Re: Make COPY format extendable: Extract COPY TO format implementations

From: "David G(dot) Johnston" <david(dot)g(dot)johnston(at)gmail(dot)com>
To: Sutou Kouhei <kou(at)clear-code(dot)com>
Cc: sawada(dot)mshk(at)gmail(dot)com, tgl(at)sss(dot)pgh(dot)pa(dot)us, zhjwpku(at)gmail(dot)com, michael(at)paquier(dot)xyz, pgsql-hackers(at)postgresql(dot)org
Subject: Re: Make COPY format extendable: Extract COPY TO format implementations
Date: 2025-03-22 00:31:54
Message-ID: CAKFQuwbsD9Dh_52BMzGkkfkNiWeP_SVx-rq-=x_2qsbxHwf1-w@mail.gmail.com
Views: Raw Message | Whole Thread | Download mbox | Resend email
Thread:
Lists: pgsql-hackers

On Tue, Mar 18, 2025 at 7:56 PM Sutou Kouhei <kou(at)clear-code(dot)com> wrote:

> Hi,
>
> In <CAD21AoDU=bYRDDY8MzCXAfg4h9XTeTBdM-wVJaO1t4UcseCpuA(at)mail(dot)gmail(dot)com>
> "Re: Make COPY format extendable: Extract COPY TO format
> implementations" on Mon, 17 Mar 2025 13:50:03 -0700,
> Masahiko Sawada <sawada(dot)mshk(at)gmail(dot)com> wrote:
>
> > I think that built-in formats also need to have their handler
> > functions.
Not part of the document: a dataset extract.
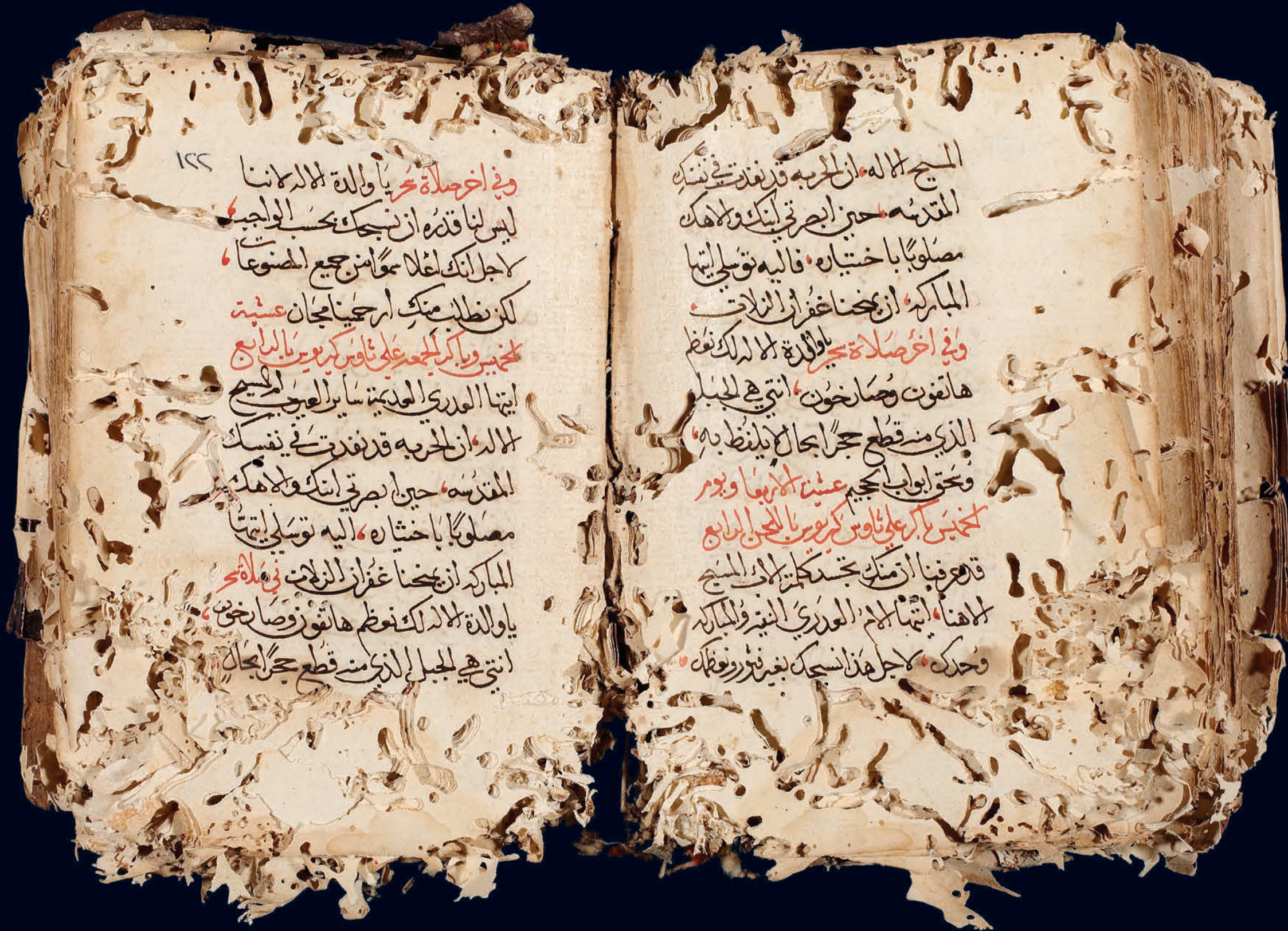
ABOVE: Worm-eaten pages of a Horologion (Book of Hours, Byzantine Rite) copied in the 17th century by the scribe Yūsuf ibn ‘Abd Allāh al-Ra’īs. This manuscript (BALA 00020) is in the collection of Dayr Sayyidat al-Balamand Monastery in Tripoli, Lebanon, and was part of HMML’s first project using digital photography, in 2003. The collection is fully digitized, cataloged, and available in HMML Reading Room ( vhmml.org ).

This seems to be a conventional way for customizable
> > features such as tablesample and access methods, and we can simplify
> > this function.
>
> OK. 0008 in the attached v37 patch set does it.
>
>
tl/dr;

We need to exclude from our SQL function search any function that doesn't
declare copy_handler as its return type.
("function text must return type copy_handler" is not an acceptable error
message)

We need to accept identifiers in FORMAT and parse the optional catalog,
schema, and object name portions.
(Restrict our function search to the named schema if provided.)

Detail:

Fun thing...(not sure how much of this is covered above: I do see, but
didn't scour, the security discussion):

-- create some poison
create function public.text(internal) returns boolean language c as
'/home/davidj/gotya/gotya', 'gotit';
CREATE FUNCTION

-- inject it
postgres=# set search_path to public,pg_catalog;
SET

-- watch it die
postgres=# copy (select 1) to stdout (format text);
ERROR: function text must return type copy_handler
LINE 1: copy (select 1) to stdout (format text);

I'm especially concerned about extensions here.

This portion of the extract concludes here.